Кажется, сейчас всё теряет свой изначальный смысл. Кора возвращается, но осознание этого совершенно не тревожит меня, потому что моя жизнь перестала иметь всякую ценность. Если Кора всё же вернётся, чтобы забрать мою жизнь с собой, то это будет справедливо.
Из моих размышлений меня вывел мальчишеский, срывающийся на крик голос.
Голос Генри:
— Вы не можете! Перестаньте!
Я поднял голову и увидел, как Реджина осторожно, но крепко ухватила сына за плечи, оттаскивая его от колодца с безжизненными водами озера Ностос.
Но Генри сопротивлялся.
— Вы не можете! Вы убьёте их! Умоляю! Нет! — кричал он.
Реджина молча, крепко прижимала к себе мальчика, но тот не унимался:
— Они смогут пройти! Надо это выключить! — внезапно он рванулся и ринулся к отравленной воде.
Но Реджина оказалась проворней. С криком:
— Генри! — она с силой оттолкнула его от колодца и повернула лицом к себе.
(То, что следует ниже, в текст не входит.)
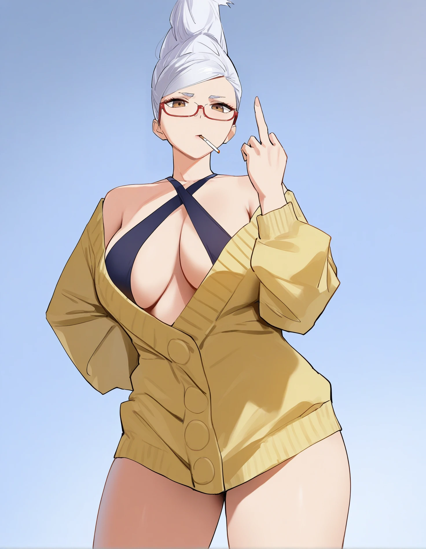 "ayasehal, letterman jacket, red-framed eyewear, criss-cross halter, brown eyes, updo, yellow sweater, blue jacket, cleavage, c no pants, long sleeves, white hair"

Зелёные и карие глаза встретились, и я видел: в одних плескался страх. В других ненависть.
— Что ты делаешь?! — голос Реджины едва заметно дрогнул.
— Эмма и Мэри Маргарет смогут пройти, я это знаю, — голос Генри звучал твёрдо.
У меня мелькнула мысль, что он такой же самонадеянный глупец, точь-в-точь похожий на своего деда. Он не знает, о чём говорит — но разве ребёнку, непоколебимо верящему в магию, можно объяснить, что есть необратимые вещи, и что если его родным суждено умереть, то так оно и случится? Риторический вопрос.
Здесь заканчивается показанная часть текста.